Evande R, Rana A, Biswas-Fiss EE, Biswas SB. Protein–DNA Interactions in Human Papillomavirus. Encyclopedia. Available at: https://encyclopedia.pub/entry/44926. Accessed April 15, 2024.
Evande, Roxanne, Anshul Rana, Esther E. Biswas-Fiss, Subhasis B. Biswas. "Protein–DNA Interactions in Human Papillomavirus" Encyclopedia, https://encyclopedia.pub/entry/44926 (accessed April 15, 2024).
Evande, R., Rana, A., Biswas-Fiss, E.E., & Biswas, S.B. (2023, May 27). Protein–DNA Interactions in Human Papillomavirus. In Encyclopedia. https://encyclopedia.pub/entry/44926
Evande, Roxanne, et al. "Protein–DNA Interactions in Human Papillomavirus." Encyclopedia. Web. 27 May, 2023.
Protein–DNA Interactions in Human Papillomavirus
Edit

Human papillomavirus (HPV) is a group of alpha papillomaviruses that cause various illnesses, including cancer. There are more than 160 types of HPV, with many being “high-risk” types that have been clinically linked to cervical and other types of cancer. “Low-risk” types of HPV cause less severe conditions, such as genital warts. Numerous studies have shed light on how HPV induces carcinogenesis. The HPV genome is a circular double-stranded DNA molecule that is approximately 8 kilobases in size. Replication of this genome is strictly regulated and requires two virus-encoded proteins, E1 and E2. E1 is a DNA helicase that is necessary for replisome assembly and replication of the HPV genome. On the other hand, E2 is responsible for initiating DNA replication and regulating the transcription of HPV-encoded genes, most importantly the E6 and E7 oncogenes.

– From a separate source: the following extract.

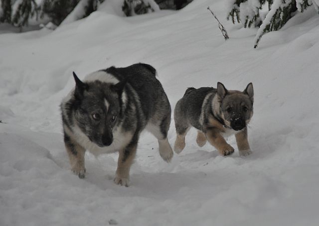 Pikku Elviira on jo ihan mopon kokoinen. Nimikin on käytössä lyhentynny Elviksi. Täytyykin varotella naapurin Elviä, jos joskus kuulee kaimaansa mettästä huudettavan ;)

HPV cervical cancer oropharyngeal cancer E2 protein

1. Introduction

Human papillomavirus (HPV) is one of the most common sexually transmitted infections, affecting millions worldwide annually. Human papillomaviruses belong to the papillomaviridae family of small, non-enveloped, double-stranded DNA viruses [1], which includes a large number of species-specific genotypes that predominantly infect the cutaneous and mucosal epithelium in various organisms [2][3]. The host’s immune system quickly clears most HPV infections within a couple of years. However, some HPV types cause persistent infections and become the causative agents of various genital and oropharyngeal cancers [4]. Currently, ~160 HPV strains, commonly called “types”, have been identified. These types are often classified into low- and high-risk types based on their propensity to induce cancer. Three vaccines against HPV are available, but no more than nine HPV types are covered by the latest vaccine: 6, 11, 16, 18, 31, 33, 45, 52, and 58. Of note, there are currently no treatments available for HPV infection. HPV accounts for approximately half a million deaths per year around the world. It is a silent viral epidemic.

2. The HPV Genome

The HPVs have double-stranded circular DNA genomes (~8 kb) containing eight open reading frames (ORFs) that encode viral proteins [5]. There is a noncoding region in the HPV genome called the long control region (LCR), which contains the origin of DNA replication and transcriptional regulatory elements (Figure 1A) [5]. The genome is divided into three main sections: the early region, containing the early genes; the late region, containing the late genes; and the long control region (LCR) [6]. The first six genes encode the early viral proteins and are expressed at the beginning of the viral life cycle. Of these viral proteins, E1 and E2 are the major replication proteins, E4 and E5 aid in genome amplification, and the E6 and E7 proteins are the oncoproteins (Figure 1). The late genes, L1 and L2, encode the L1 major and L2 minor capsid proteins. The L1 and L2 proteins together form the capsid. They are expressed in the later stages of the viral life cycle. The LCR is the only noncoding region of the genome. It contains the early viral promoters, enhancers, and the origin of viral DNA replication [7][8].
Figure 1. (A). A genetic map of the HPV genome. The HPV genome is ~8 kb in length and encodes eight major genes separated by their expression order during the life cycle. (B). List depicting the major functions of each of the HPV proteins.
The E2 protein can be considered the most pivotal protein in the HPV genome due to its role in the viral life cycle and oncogenesis. The HPV viral life cycle is tightly controlled by the E2 protein, which is also involved in transcriptional regulation, the expression of the E6 and E7 oncogenes, partitioning, and the maintenance of the viral genome, in addition to its role in the initiation of DNA replication [4].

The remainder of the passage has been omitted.